ABSTRACT

In the early days of the new millennium, representatives from the Federation of Electric Power Companies of Japan (FEPC) approached Liberal Democratic Party (LDP) members behind the scenes. They requested a hearing on a Ministry of Economy, Trade and Industry (METI)-sponsored bill that would force power companies to develop renewable energy sources for on-grid consumption at a time when rising electricity prices, difficulties in securing supply, and scandalous examples of failed liberalization attempts abroad were already dimming prospects of further reforms at home. The FEPC had the support of numerous groups, both within the business community and among consumers. These supporters were by no means resource poor, and their diversity seemed to assure that they would have legitimacy in the public eye, too. The LDP members were receptive, and the initiative to block the renewable energy bill began in earnest. Sometimes a political battle seems to tick all the right theoretical boxes for success,

yet still fails to win.
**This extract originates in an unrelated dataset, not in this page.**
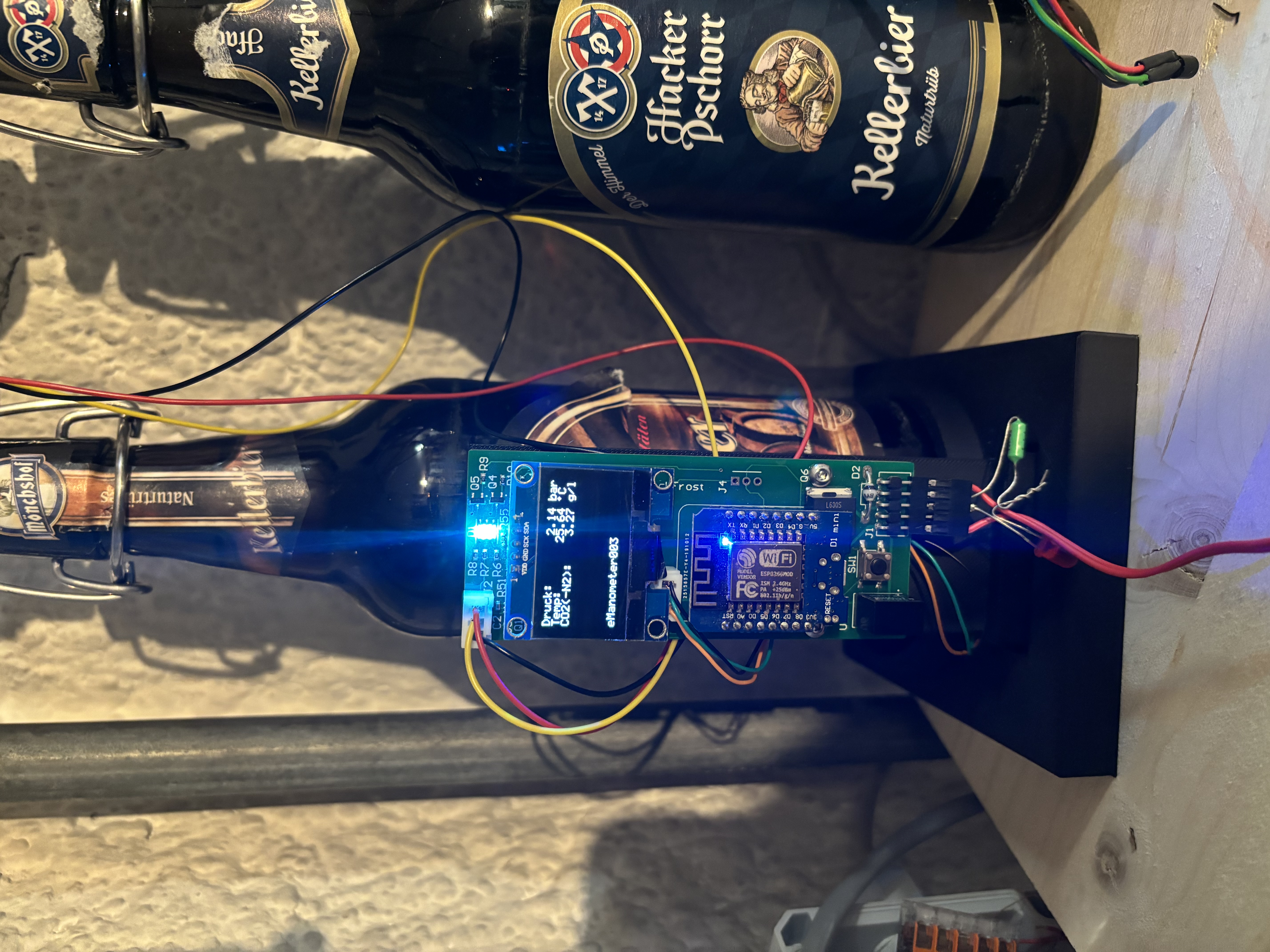 Der DS18B20 ist im Boden mit einem aus TPU gedruckten Halter integriert, damit er sich gegen den Flaschenboden drückt.

The fight to block the renewable energy bill was just such an issue. Electric power companies and their allies disliked most renewable energy sources because they were well known to be costly, unreliable, and lacking in density and scale, meaning that many new generating sites would have to be found. Opponents of the bill were well connected, gave campaign contributions to both the government and the opposition, had the vocal support of energy-intensive corporations wanting lower prices and higher security, and had key support of well-established politicians and other allies within the ministries. Their issue was consistent with the public’s wish for higher disposable income, and had minimal organized opposition in Japan. In contrast, proponents of renewable energy in Japan, which was part of a global “green” movement of advocacy journalists, activist scholars, and alternative energy firms, began in the late 1980s as a fledgling technology but attracted only limited and vague support. Nevertheless, on June 7, 2002, despite organized resistance from the electric power industry, the Act on Special Measures Concerning the Use of New Energy by Operators of Electric Utilities (Act No. 62) passed. Ten years later, another opportunity to sideline a renewable energy initiative arose,

this time a bill forcing the electric power companies to purchase renewable energies at pre-determined rates known as the feed-in-tariff (FIT) for fixed periods of time in order to entice suppliers into the Japanese market. The costs to the utilities would then be passed along to ratepayers, thus raising what were already some of the highest electricity prices in the industrial world and further decreasing consumer welfare. Once

again, the electric power companies and their allies in business and the ministries objected-this time, publicly and vociferously. Nevertheless, on August 30, 2011, despite organized resistance by a range of incumbent political actors, another renewable energy bill passed into law. Why? Much has been written about political resource endowments and their influence (or

lack thereof) in political decision-making theory. In a sense, it is fairly well accepted that political resources manage to induce the support of economically depressed and fragmented local host communities for the siting, licensing, and construction of essential facilities such as hydroelectric dams, nuclear power plants, and high-transmission electric power towers (Lesbirel 1998; Aldrich 2008; also see Chapter 6). Unlike the execution of existing policies designed to induce top-down local compliance, however, the issue of who controls whom at the national policy-making level-the classic “who governs” debate surrounding all of Japanese political economy-is a much more complicated process. Previous scholarly attempts to identify exactly who governs the electric power and energy sectors-the politicians, the bureaucracy, or the private sector-have led some scholars to conclude that no one actor clearly dominates the others (c.f. Johnson 1978; Samuels 1987; Scalise 2009; Hymans 2011). The question therefore seems not to be who controls whom, since that varies over time, but how and perhaps when structural reform takes place. In this chapter, we discuss the history and drivers of change in Japanese post-war

energy market restructuring on both an economic and political level. The analysis reveals that many of the untested assumptions regarding alleged profit-maximizing, goal-oriented economic behavior of well-organized actors utilizing political resources to capture beneficial policies (rent seeking) in the decision-making process fail to explain puzzling market transformations adequately. Japan’s electric power sector has been plagued by rising electricity prices, declining operating profits, and mounting institutional and systemic obstacles in turning the tide for decades. Rather than ignoring these counter-intuitive market developments, the chapter builds upon the work of Goldstein and Keohane (1993), Jones (2001), Woll (2008), and other scholars suggesting that objective or material self-interest is subordinate to ideational roadmaps-sometimes called “policy images”—guiding actor preferences, decisions, and perceptions of fairness. We begin by analyzing one of the most salient casualties of these conflicting policy images: consumer welfare.